The brake caliper joins a knuckle to which the motor seems to be horizontally connected. Between these two parts is a data unit, probably the brain of the whole thing. We’ll have to confirm that with Dekel.
This knuckle deals both with the motor and the suspension/steering unit, which crosses the knuckle vertically, and it attached to it in a way we are still not able to explain.
The suspension and the steering are concentrated in a single cylinder. At the bottom of the cylinder is the steering unit, a very compact and strong motor that moves the cylinder, the knuckle, and everything connected to these parts. Inside it is the suspension, which allows the vehicle to have a 150 mm travel in a 17-inch wheel. We have no idea how big the FlatFormer front wheels are, but they look larger than 17-inch units.
The suspension/steering unit cylinder is bolted to the 4-Point RTS (Rapid Turnaround System). Have a better look at it from behind.
Did you see it has four bolts? That’s all that connects the REE in-wheel system to the platform. In case there is any issue with it, just take the screws out and replace the whole REE in-wheel system. That takes less than 15 minutes, according to Dekel.
Summing up, you connect the REE system to the platform with four bolts. They hold the RTS there, which is linked to the suspension/steering cylinder. When the steering unit turns the cylinder, it moves a knuckle to which the motor and the brake are connected. The wheel is connected to the motor. And that’s pretty much how all this works.
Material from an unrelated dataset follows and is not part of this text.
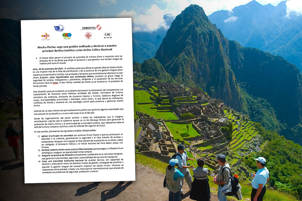 “El turismo no puede seguir siendo rehén de conflictos locales, intereses particulares o políticos. Machu Picchu es la joya cultural del Perú, patrimonio de la humanidad y motor clave de la economía nacional. Su afectación no solo daña la imagen internacional del país, sino que compromete la confianza de miles de familias que dependen de esta actividad para subsistir. Es momento de actuar con responsabilidad y firmeza”, añadieron.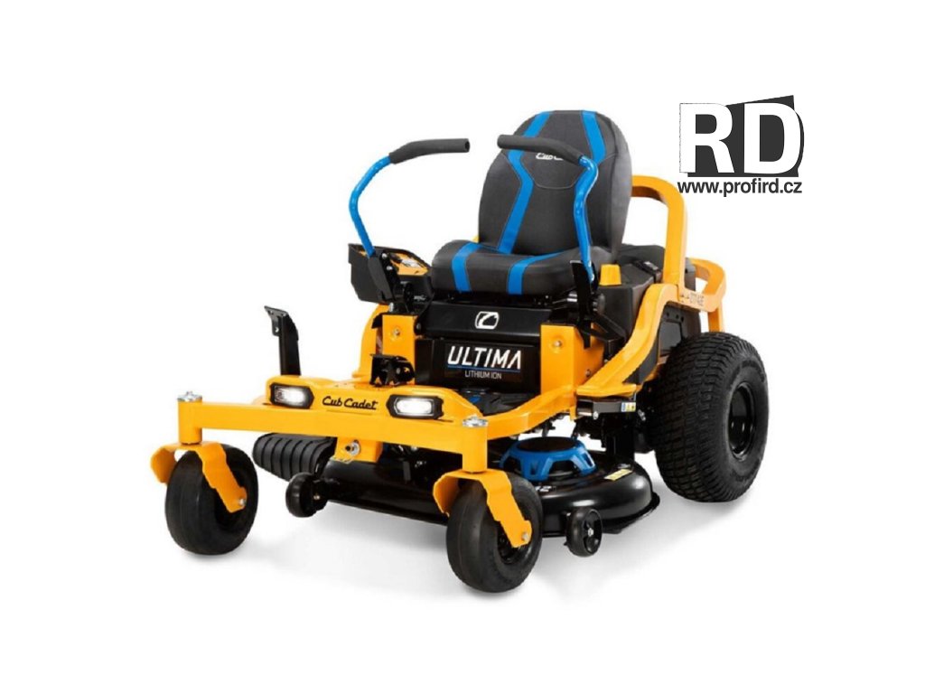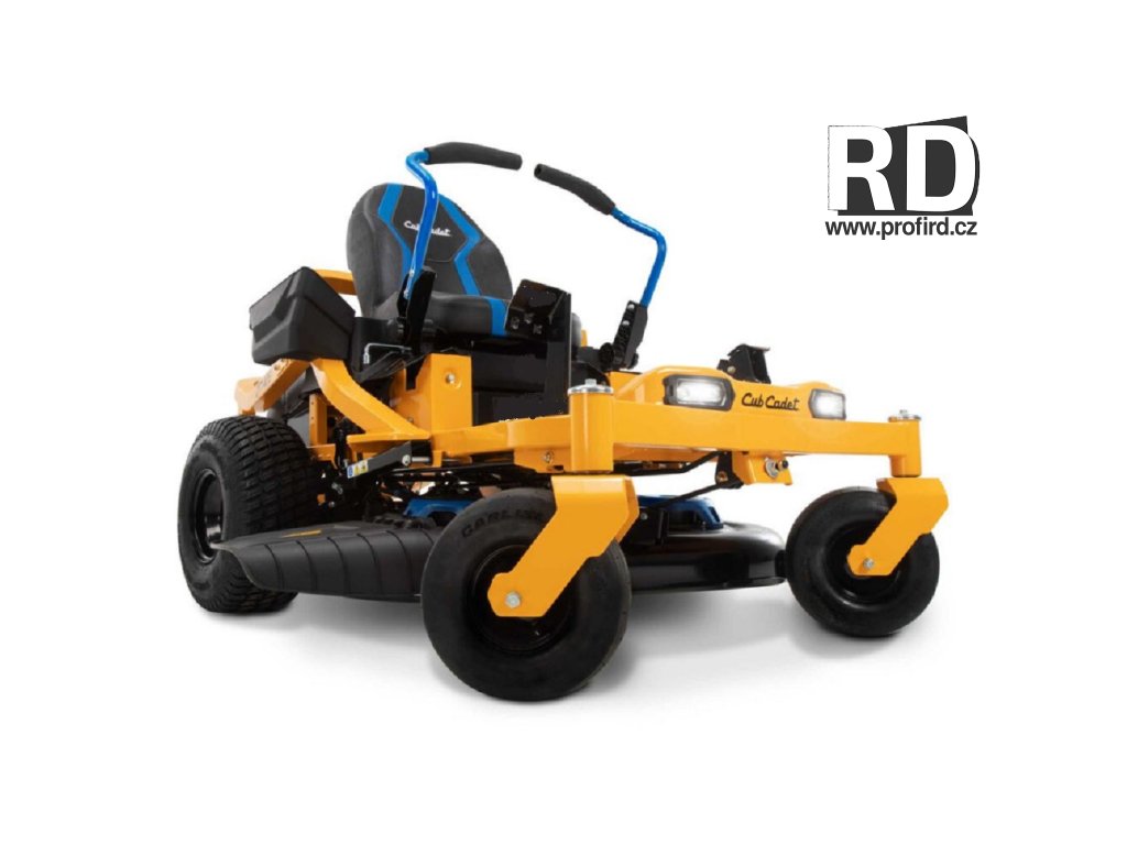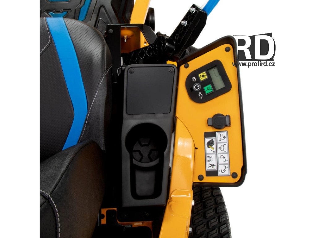 Akumulátorový zahradní rider s bočním výhozem Cub Cadet. Motor: Cub Cadet 56 V / 60 Ah / 3.000 Wh. Záběr: 107 cm.

The FlatFormer also shows a different arrangement for the rear wheels. It presents an integrated suspension and a drive arm that suppresses the in-wheel suspension cylinder. It is horizontal and placed inside the horizontal RTS, as the picture below shows.
Both wheels have single motor, suspension, and brake. The motor probably powers gears that move both wheels, and the horizontal suspension connects both of them. When one of them moves up or down, a suspension arm turns that vertical movement into a horizontal stroke the single damper absorbs.
The single brake works as chassis brakes, and it is directly connected to the electric motor, which is placed in the most internal part of the platform. This REE in-wheel motor system seems to be attached to the platform precisely like the other one, but we also need to check.
With Hino – and Toyota – showing a concept based on its idea, REE goes from being an Israeli startup to a company that can make the way we produce cars for good. Will we ever see a vehicle based on FlatFormer? We would not bet against that. Not anymore.